Seria leviano afirmar que, em 2018, o então governador Simão Jatene optou pelo deputado estadual Márcio Miranda (DEM), um nome de fora de seu partido, para que o projeto saísse derrotado? Teria feito isso para que, quatro anos depois, em 2022, voltasse a disputar o governo do Pará? Claro que tal afirmação gira no campo da especulação. Mas faz sentido para os que acompanham o ex-governador. Miranda perdeu.

A título de exemplo, em 2006, o ex-governador Almir Gabriel resolveu após dois mandatos (1994-2002), além de ter feito o sucessor, justamente o então desconhecido sob o ponto de vista eleitoral, Simão Jatene, então secretário de governo; disputar novamente o governo. Gabriel morreu anos depois sem falar com Jatene, pois o acusava de ter feito “corpo-mole” na eleição daquele ano, o fazendo perder para a então petista Ana Júlia, mesmo com a máquina estadual controlada por seu partido.

Toda essa análise é para chegar ao ponto central deste artigo. A escolha feita pelo prefeito Zenaldo Coutinho (PSDB), que definiu o nome do deputado estadual Thiago Araújo (Cidadania), teria como objetivo ser derrotado?

Conforme analisado em diversos artigos sobre a disputa eleitoral na capital paraense, Coutinho não estava propenso a optar por um nome de dentro do ninho tucano. Estava mais do que claro que, a exemplo de 2018, o escolhido seria componente de algum partido da base. O favorito era o deputado federal Cássio Andrade (PSB).

Pois bem, o Blog fez rápido levantamento sobre a trajetória política do jovem Thiago Araújo. Apesar da pouca idade (27 anos), já está em seu terceiro mandato parlamentar. Estreou na política em 2012, quando disputou pela primeira vez uma cadeira a Câmara de Vereadores de Belém, conseguindo ser o 10º mais bem votado (7.895). Dois anos depois, se lançou como candidato a deputado estadual, e mais uma vez conseguiu ser eleito. Com pouco mais de 38 mil indicações nas urnas, o que lhe fez ser o 29º que mais recebeu votos.

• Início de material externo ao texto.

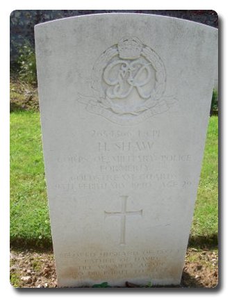 | Notes: | CMP. 6/1/1930 he enlisted in the Coldstream Guards at Sheffield in the Regular Army for 3/9 years, born 25/7/1910 at Wombwell, Barnsley, occupation miner, 2/1/1940 compulsory transfer to CMP. 9/2/40 Died. He was born in Yorkshire and resided in Sheffield. Inscription on gravestone: Beloved husband of Becky, father of David, till we meet again, to die is but to sleep. Casualty Lists 124/1, BEF, France, dangerously ill, 9/2/40, shown as Dock Police Group. Casualty List 125/1, BEF, Died result of accident, Dock Police Group, 9/2/40. 11/4/49 he was awarded the War Medal. note:- 3 Company, 3 Coldstream Guards. Le Havre Dock Area. Harry Shaw. |
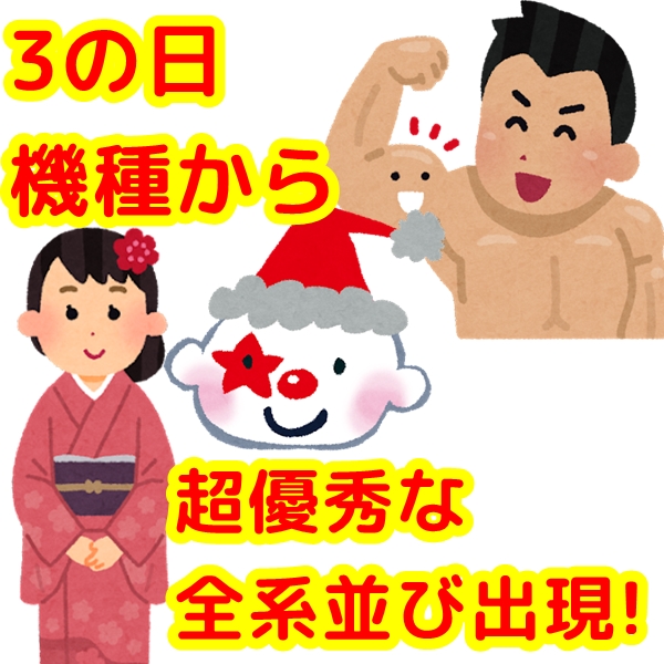 3の日は狙い機種も絞りやすいので、前日データや前回結果などから狙いを定めて打ちに行きましょう。
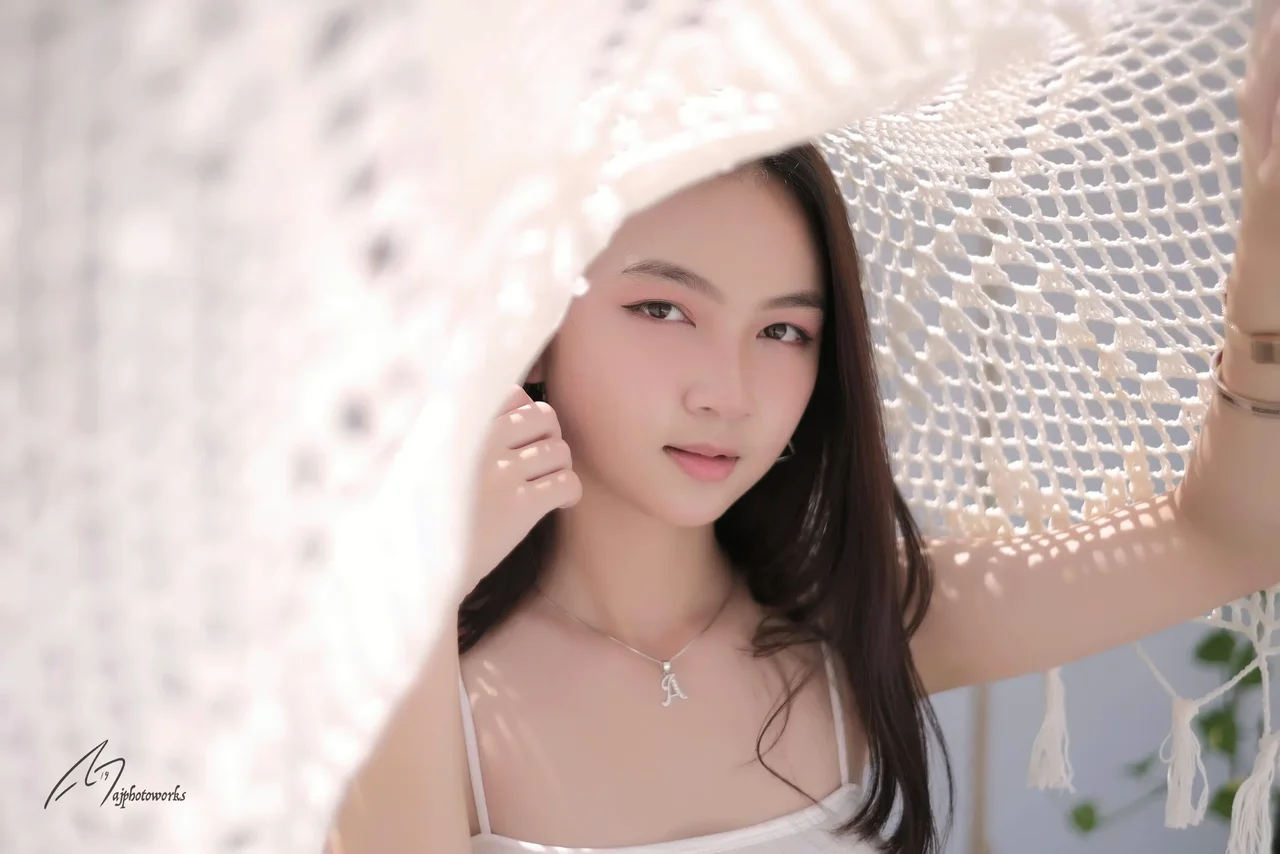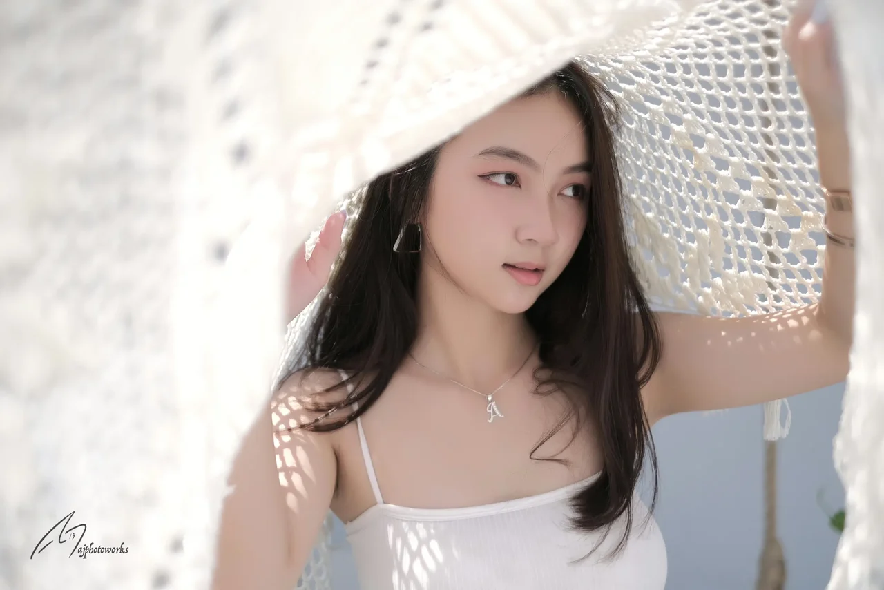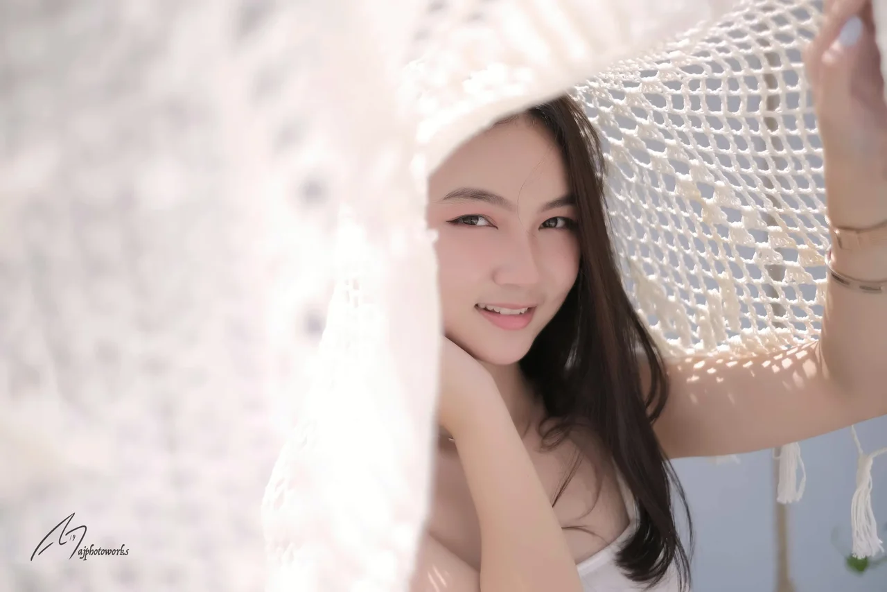 Elegant woman resting in a lace-lined hammock, wearing a delicate strappy dress and minimalist jewelry, bathed in warm ambient light with soft shadows.
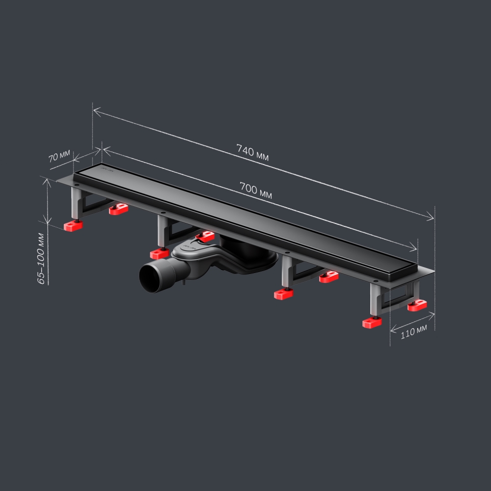 Детально проработанная форма изделия точные выверенные линии. Представляем инновационный трап для душа Masterflow. Универсальная двухсторонняя решетка трапа может быть использована как самостоятельная декоративная вставка либо как база для вклейки плитки. Трап для душа имеет высокую пропускную способность 50 л/мин. Обладает комбинированным затвором: сухим магнитным и гидрозатвором проверенной технологией. Данная технология гарантирует 100% защиту от проникновения запахов из канализации высокую надежность и долговечность. Выдерживает даже самые большие механические нагрузки. Поворотный сифон на 360 градусов позволяет установить трап наиболее удобным и комфортным образом. Продукт обладает низкой высотой монтажа и возможностью регулировки что предполагает экономию бюджета при заливке пола. Трап выполнен из высококачественной нержавеющей стали марки AISI 304. Выход разработан на два диаметра: 40 и 50 мм которые выбираются в процессе монтажа. Размер изделия 70 см. Дизайн трапа выполнен в элегантном матовом черном цвете.

Sua reeleição foi algo que chamou a atenção, sendo o 8º candidato mais votado, em 2018, com 54.933 votos.

Portanto, Araújo é um político em ascensão. Sua musculatura política cresce a cada nova disputa eleitoral. A questão é: tal desempenho foi o que fez o prefeito Zenaldo Coutinho ter o escolhido? Sabe-se que há uma grande diferença entre disputas eleitorais majoritárias e proporcionais. O eleitor belenense terá confiança em votar em um candidato tão novo? Araújo está a altura de gerir uma metrópole tão problemática como a capital paraense? Ou foi escolhido pelo prefeito Zenaldo Coutinho para perder? Ou por representar menos risco de vitória? Forçar a derrota teria lógica?

Mas caso Coutinho tenha apostado em Araújo para vencer, qual a justificativa para a escolha? Seria em nome de um processo de renovação, tendo como base a pouca idade do escolhido? Thiago reuniria competências e habilidades que desconhecemos?

De toda a forma, em política se escolhe para perder. Ainda mais quando os interesses futuros de quem escolhe, estão em jogo. A ver.